For the output equation, \( \mathbf{y}(t)=\mathbf{C}\mathbf{x}(t)+\mathbf{D}\mathbf{u}(t)=\mathbf{C}\mathbf{T}\mathbf{z}(t)+\mathbf{D}\mathbf{u}(t) \), so define \( \mathbf{\bar C}=\mathbf{C}\mathbf{T} \) and \( \mathbf{\bar D}=\mathbf{D} \).

2.2 Discrete-time derivation

For a discrete-time model \( \mathbf{x}_{k+1}=\mathbf{A}\mathbf{x}_k+\mathbf{B}\mathbf{u}_k \), \( \mathbf{y}_k=\mathbf{C}\mathbf{x}_k+\mathbf{D}\mathbf{u}_k \), define \( \mathbf{x}_k=\mathbf{T}\mathbf{z}_k \):

\[ \mathbf{T}\mathbf{z}_{k+1}=\mathbf{A}\mathbf{T}\mathbf{z}_k+\mathbf{B}\mathbf{u}_k \;\;\Rightarrow\;\; \mathbf{z}_{k+1}=\mathbf{T}^{-1}\mathbf{A}\mathbf{T}\,\mathbf{z}_k + \mathbf{T}^{-1}\mathbf{B}\,\mathbf{u}_k \]

The transformation rules are identical: \( \mathbf{\bar A}=\mathbf{T}^{-1}\mathbf{A}\mathbf{T} \), \( \mathbf{\bar B}=\mathbf{T}^{-1}\mathbf{B} \), \( \mathbf{\bar C}=\mathbf{C}\mathbf{T} \), \( \mathbf{\bar D}=\mathbf{D} \).

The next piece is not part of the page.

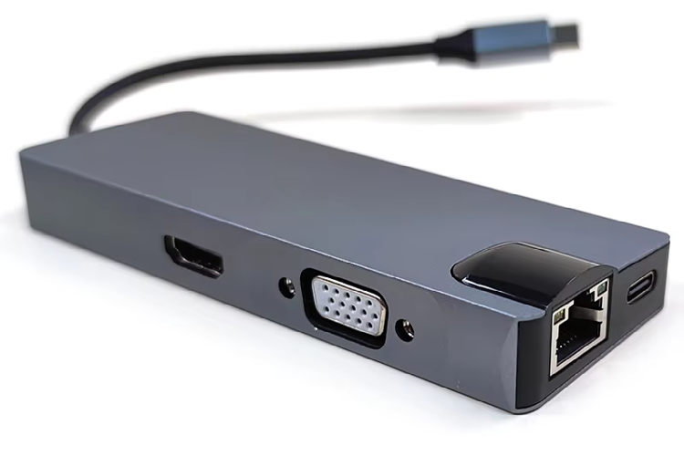 This multifunction USB 3.1 Type-C hub integrates USB 3.0 ports, HDMI 4K, VGA, Gigabit Ethernet (RJ45), card reader, and PD charging, providing a complete connectivity solution for modern laptops and computers with a single adapter.

2.3 Equivalence as a precise definition

Two realizations \( (\mathbf{A},\mathbf{B},\mathbf{C},\mathbf{D}) \) and \( (\mathbf{\bar A},\mathbf{\bar B},\mathbf{\bar C},\mathbf{\bar D}) \) are state-coordinate equivalent if there exists an invertible \( \mathbf{T} \) such that:

\[ \mathbf{\bar A}=\mathbf{T}^{-1}\mathbf{A}\mathbf{T},\quad \mathbf{\bar B}=\mathbf{T}^{-1}\mathbf{B},\quad \mathbf{\bar C}=\mathbf{C}\mathbf{T},\quad \mathbf{\bar D}=\mathbf{D}. \]

3. What Does Not Change? Invariants and Proofs

3.1 Matrix exponential similarity identity

The continuous-time state transition matrix is \( e^{\mathbf{A}t} \). Similarity transformations preserve it in a specific way.

Theorem (Similarity of matrix exponentials): For invertible \( \mathbf{T} \) and any real \( t \),

\[ e^{(\mathbf{T}^{-1}\mathbf{A}\mathbf{T})t} = \mathbf{T}^{-1}e^{\mathbf{A}t}\mathbf{T}. \]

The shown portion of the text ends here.